- RECORDS TO USE
**********

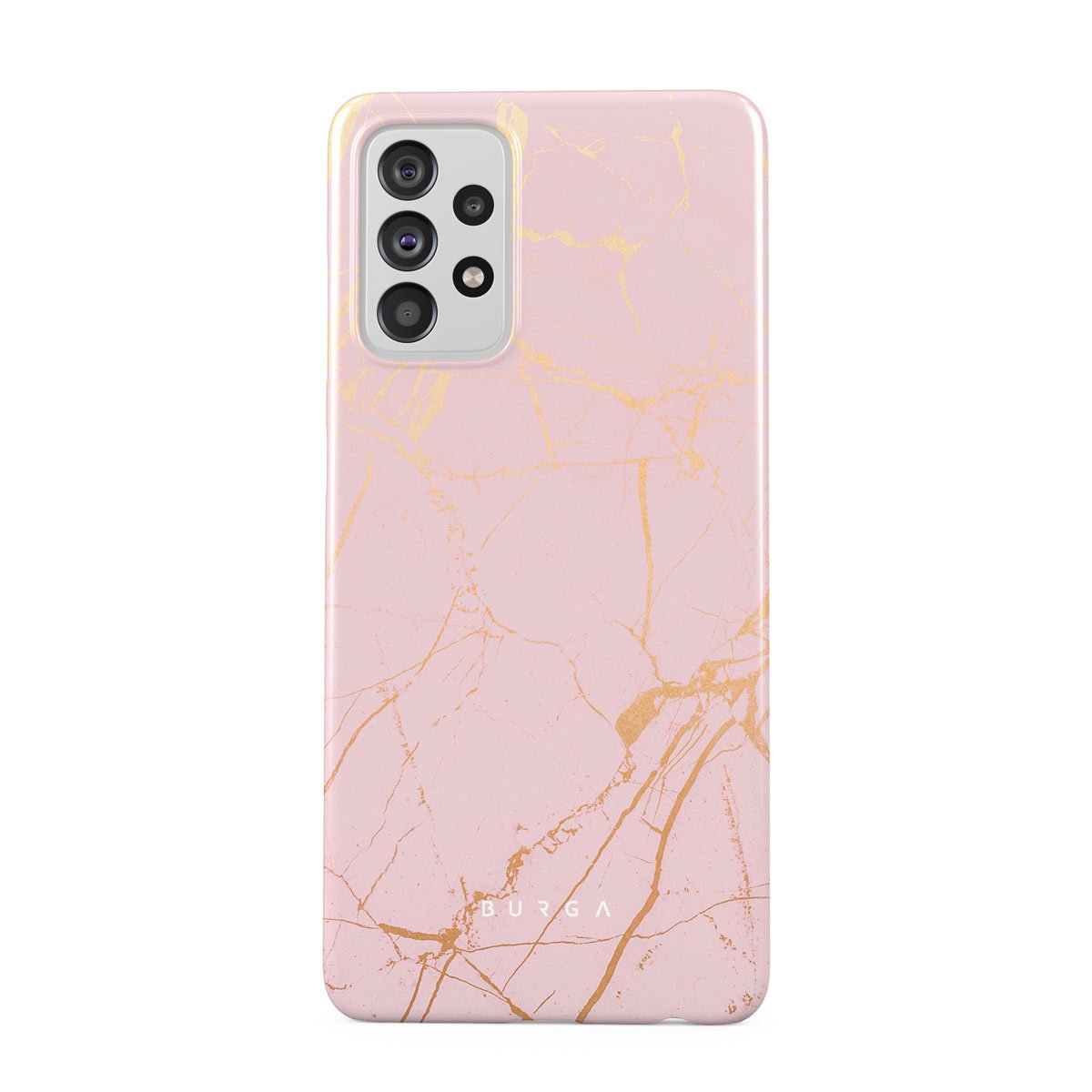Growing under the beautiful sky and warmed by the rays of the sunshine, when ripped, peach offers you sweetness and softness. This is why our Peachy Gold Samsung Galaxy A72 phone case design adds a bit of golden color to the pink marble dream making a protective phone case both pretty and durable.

**********

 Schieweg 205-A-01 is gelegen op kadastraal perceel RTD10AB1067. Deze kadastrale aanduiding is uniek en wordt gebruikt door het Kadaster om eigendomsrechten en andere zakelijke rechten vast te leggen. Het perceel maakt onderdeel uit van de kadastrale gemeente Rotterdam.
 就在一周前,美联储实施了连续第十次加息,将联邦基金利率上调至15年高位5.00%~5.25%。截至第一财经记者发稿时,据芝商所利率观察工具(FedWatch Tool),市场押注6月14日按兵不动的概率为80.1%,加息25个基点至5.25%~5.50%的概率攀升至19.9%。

**********

- WHAT THIS TASK INVOLVES
Of the lines above, extract only those from the line with "Schieweg 205-A-01 is" to the line with "就在一周前,美联储实施了连续", both included, exactly as written.

- YOUR SOLUTION
 Schieweg 205-A-01 is gelegen op kadastraal perceel RTD10AB1067. Deze kadastrale aanduiding is uniek en wordt gebruikt door het Kadaster om eigendomsrechten en andere zakelijke rechten vast te leggen. Het perceel maakt onderdeel uit van de kadastrale gemeente Rotterdam.
 就在一周前,美联储实施了连续第十次加息,将联邦基金利率上调至15年高位5.00%~5.25%。截至第一财经记者发稿时,据芝商所利率观察工具(FedWatch Tool),市场押注6月14日按兵不动的概率为80.1%,加息25个基点至5.25%~5.50%的概率攀升至19.9%。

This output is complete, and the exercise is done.